E i conflitti si inseriscono in questo quadro a tinte fosche?
«La guerra in Ucraina è sì una tragedia umana di proporzioni epiche, ma è stata anche una fonte di profitto per le industrie degli idrocarburi e delle armi. Il conflitto ha causato la riapertura degli impianti a carbone e ha consentito agli Stati Uniti e alla maggior parte dei Paesi europei di modernizzare i loro vecchi sistemi di armamento scaricandoli sull’Ucraina. L’inatteso ritorno della corsa agli armamenti tipica della Guerra fredda ha dato nuova linfa al complesso militare-industriale in Russia, negli Stati Uniti e in tutto il mondo a discapito della green economy, tenuta in sospeso per tutta la durata della guerra e abbandonata dall’amministrazione di Trump, e dell’approvvigionamento alimentare globale, dell’istruzione, dell’assistenza sanitaria di base e del sostegno ai soggetti più bisognosi della società. La vita stessa si sta svalutando, anche se i leader mondiali hanno alzato i tassi d’interesse per combattere il nemico economico numero uno della gente: l’inflazione, siamo più poveri».

Come invertire la rotta?
«Nei periodi di grande trasformazione, il vero risultato dei visionari di successo non è dato dalle dimensioni delle ricchezze accumulate, bensì dal loro contributo al salto in avanti del progresso dell’umanità, cioè del bene comune. Senza queste conquiste collettive, la maggior parte delle innovazioni è destinata a danneggiare la società, tramite impoverimento, oppressione o addirittura frodi. Un ristretto gruppo di imprenditori ferrati nell’hi-tech, in effetti, è riuscito a cogliere la velocità del cambiamento e a ricavare immensi benefici dal Futuro Presente grazie alla conoscenza dell’innovazione tecnologica. Queste persone capiscono la tecnologia e la controllano. Purtroppo, troppo spesso abusano di questo vantaggio straordinario e invece di metterlo al servizio del bene comune lo usano per interessi propri, danneggiano la società».

Quali rischi corriamo e come usare la tecnologia a nostro vantaggio?
«La reazione più comune è crogiolarsi nella nostalgia, idealizzare il passato e detestare il presente e il futuro.
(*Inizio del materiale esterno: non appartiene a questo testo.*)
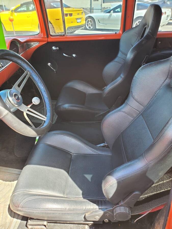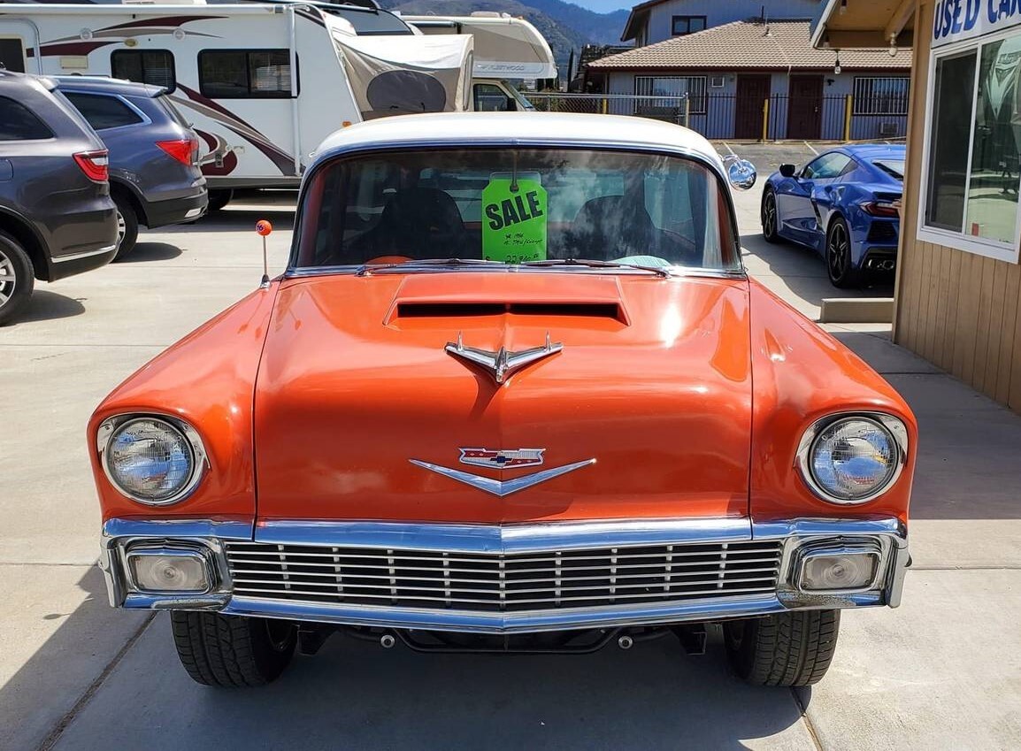 Since the doors are not wide, that lends credence to this having started out as a 4-door wagon. It could be one of the nearly 15,000 Townsmen that Chevy built in 1956. This one sports a 350 cubic inch V8 rather than the 265 V8 or 235 inline-6 it would have left the factory with. A 4-speed manual transmission joins the mix, as does front-end work done by Jim Meyer Racing out of Lincoln City, Oregon. But what did this work entail?

Per questa ragione, non siamo interessati a comprendere e controllare la tecnologia e siamo felici di essere consumatori, clienti, persino dati, in un modo che si adatta ai nostri bisogni immediati ed egocentrici. La tecnologia, può aiutarci a patto che impariamo a controllarla e ad avvalercene in maniera appropriata, cioè a metterla al servizio del bene comune. Se lasciata nelle mani dei Tecnotitani, al contrario, danneggerà noi e il pianeta. Basti pensare alla rivoluzione tecnologica dell’auto elettrica, che consuma una frazione dell’energia da idrocarburi dei veicoli tradizionali, a condizione però che l’elettricità sia generata da fonti rinnovabili. Ben poco – o quasi nulla – viene fatto per affrontare il problema della produzione e dello smaltimento delle batterie delle auto elettriche, che hanno una considerevole impronta di carbonio, perché l’obiettivo finale di chi controlla questa tecnologia rimane la redditività, non la sostenibilità; cioè l’avidità, non il bene comune».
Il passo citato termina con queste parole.